- _WHAT IS BEING ASKED_:
Word for word, set down the lines from the one that holds "Intermediate. The mittens" through the final line of the listing below, and exclude every picture.

- _GIVEN MATERIAL_:
+++

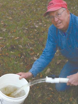 Simple Siphon Empties Ponds Fast FARM HOME Miscellaneous Kenny Ranta found a way to empty out silted-up farm ponds without getting his feet wet He uses a siphon made with electrical conduit pvc pipe and flexible hose Built in 10-ft sections the siphon connects easily for set-up and breaks down easy when done “I don’t buy anything if I can make it ” says Ranta explaining why he doesn’t use a gas-powered pump “I don’t do it to save money but for the fun of making it ” He uses 10-ft lengths of electrical conduit “I just stick male and female ends together and connect as many as I need with duct tape As long as the conduit ends are dry when taped the tape holds the tubes together “I can extend the siphon as far into a pond as needed by just adding more conduit ” explains Ranta To create the siphon effect Ranta fills the pipe with water and then creates a vacuum to pull the water through There’s a shut-off valve at the discharge end with a plug at the pond end The plug consists of a right angle elbow with a small ball stuck in it The ball has an eyebolt in it that’s attached to a cord “As I fill the pipe with water the pond end sinks to the bottom When it’s full I shut the fill valve and open the discharge valve creating a vacuum A tug on the cord pulls the plug and the water starts flowing ” Water flows at a rate of about 20 gal a min until the end of the pipe in the pond is exposed “The great thing is that when I break it all down I can tie the sections of tubing into a bundle and carry them out on my shoulder ” says Ranta Contact: FARM SHOW Followup Kenneth Ranta 1711 Wornall Rd Excelsior Springs Mo 64024 ph 816 536-6320; kiranta1@yahoo com
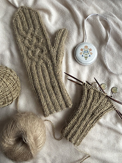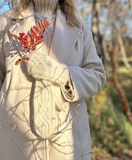 Intermediate. The mittens are not suitable for beginners. Complex cables are made and you need to know how to decrease and increase. For some parts of the pattern there are only charted instructions, not written.
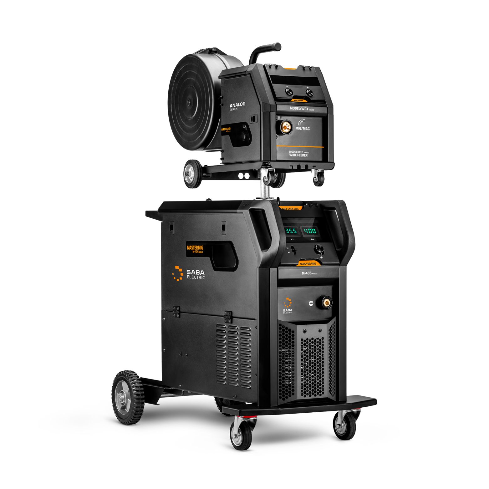 • مجهز به موتور وایر فیدر با قاب آلومینیومی دایکاست، موتور کشنده قوی، 4 غلطک و 4 چرخنده

+++

- _ANSWER TO THE EXERCISE_:
 Intermediate. The mittens are not suitable for beginners. Complex cables are made and you need to know how to decrease and increase. For some parts of the pattern there are only charted instructions, not written.
 • مجهز به موتور وایر فیدر با قاب آلومینیومی دایکاست، موتور کشنده قوی، 4 غلطک و 4 چرخنده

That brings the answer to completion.